La BCE place un plancher sous les taux des swaps européens (2 ans en bleu et 10 ans en, orange).
Avouons-le : notre premier sujet de conversation ce matin a été le décès de la reine Eliizabeth II. En espérant que cela accélérera la sortie de la nouvelle saison de The Crown. Mais nous sommes néanmoins vite passés à l'autre événement historique du jour : le relèvement de taux de 75 points de base de la Banque centrale européenne. La décision a été prise à l'unanimité et s’inscrit dans la tendance actuelle où toutes les banques centrales insistent sur la ligne du temps monétaire, ce que l'on appelle le frontloading.

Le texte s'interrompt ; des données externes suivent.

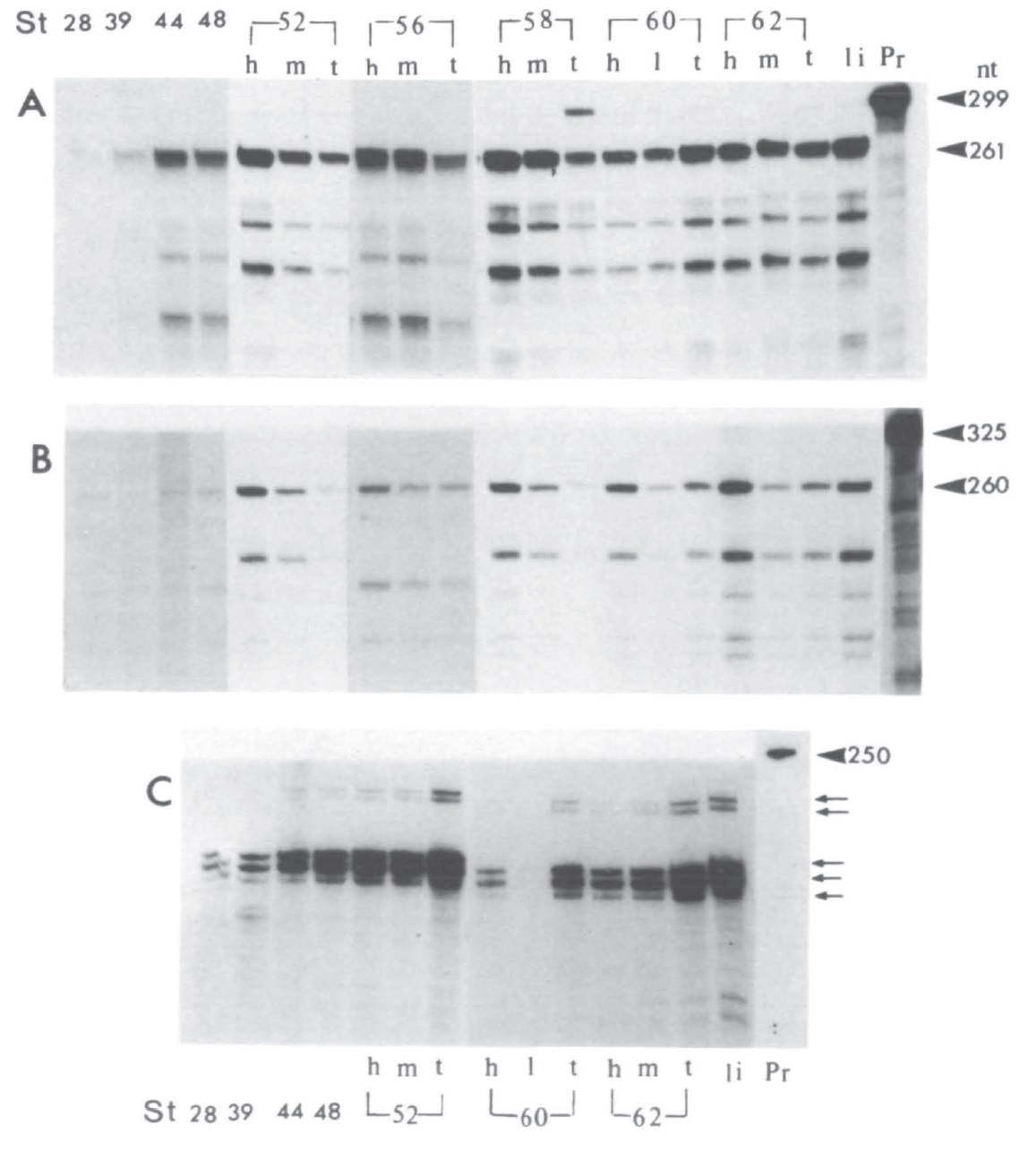 A characteristic feature of the obligatory control of amphibian metamorphosis by thyroid hormones is the early acquisition of response of tadpole tissues to these hormones well before the latter are secreted, with 'exponentially' increasing hormonal sensitivity upon the onset of metamorphosis. We have therefore analyzed the expression of the two thyroid hormone receptor genes (TR alpha and beta) before, during and after metamorphosis in Xenopus tadpoles and froglets. Using non-cross-hybridizing cRNA probes for 5' and 3' sequences of Xenopus TR alpha and beta transcripts for RNAase protection assays, the two mRNAs can be detected in tadpoles as early as stage 39. Their concentration increases abruptly at stage 44 and continues to increase differentially at the onset of metamorphosis (stage 55) and through metamorphic climax at stages 58-62, after which they decline upon completion of metamorphosis at stage 66. Quantitative densitometric scanning of autoradiograms showed that, although the concentration of TR beta transcripts is about 1/30th of that of TR alpha mRNA at stages 44-48, depending on the region, it accumulates 3-10 times more rapidly than does the alpha isoform during further development. A substantial proportion of the increase in TR beta mRNA is localized to the head region of tadpoles. Using the hormone-binding domain (HBD) and 3' end of Xenopus TR alpha cRNA as probe for in situ hybridization, the highest concentration of TR transcripts in stage 44 tadpoles is seen in the brain and spinal cord. High concentrations of mRNA are also present in the intestinal epithelium and tail tip, tissues programmed for regression. At later stages (55 onwards), strong hybridization signals are also exhibited by hindlimb buds. This pattern persists through metamorphic climax, after which TR mRNAs decline in all tissues to low levels in froglets at stage 66. In developing froglets, TR transcripts were detected in large amounts in the cytoplasm of stage 1 and 2 oocytes but the rate of their accumulation did not increase with further oocyte growth. This observation raises the possibility that the response to thyroid hormones at early stages of tadpoles (42-44) may be due to TR synthesized on maternally derived mRNA. Exposure of tadpoles at premetamorphic stages (48-52) to exogenous thyroid hormone (T3) substantially enhanced the accumulation of TR mRNA, especially that of TR beta message, which could explain the accelerated increase in sensitivity of tadpoles to thyroid hormones at the onset of natural metamorphosis.(ABSTRACT TRUNCATED AT 400 WORDS)

Le principal taux de référence s’élève aujourd'hui à 0,75 %. Et les marchés des taux estiment que la BCE ne va pas s'arrêter là. Hier, les taux des swaps européens ont enregistré une hausse à deux chiffres et ils continuent de grimper aujourd’hui. La zone de résistance aux alentours de 2,2 % pour le taux à 2 ans est en train de tomber. En Allemagne, la hausse a dépassé les 20 points de base sur la partie courte de la courbe.
Il a fallu du temps, mais la BCE l’a bien compris maintenant. Il faut éviter un dérapage des attentes en matière d’inflation. Un risque réel au vu des fortes hausses des prix (9,1 % en août). Que celles-ci soient dues au gaz, au pétrole, aux perturbations dans les chaînes de production ou à des développements en interne (p. ex. : hausse des salaires en raison des pénuries sur le marché de l’emploi), n'a pas vraiment d'importance pour monsieur et madame tout le monde. La BCE a une nouvelle fois revu ses prévisions d’inflation à la hausse. Pour cette année et l’année prochaine, elle table sur respectivement 8,1 % et 5,5 %. À la fin de l’horizon de politique en 2024, le niveau des prix se sera établi à 2,4 %. Au-dessus de l’objectif de 2 %, donc. L'urgence force Francfort à prendre des mesures claires, même si la situation économique va encore se dégrader. La BCE table ainsi sur une stagnation de la croissance au quatrième trimestre de cette année et au premier trimestre de l’année prochaine. Cela nous paraît même optimiste.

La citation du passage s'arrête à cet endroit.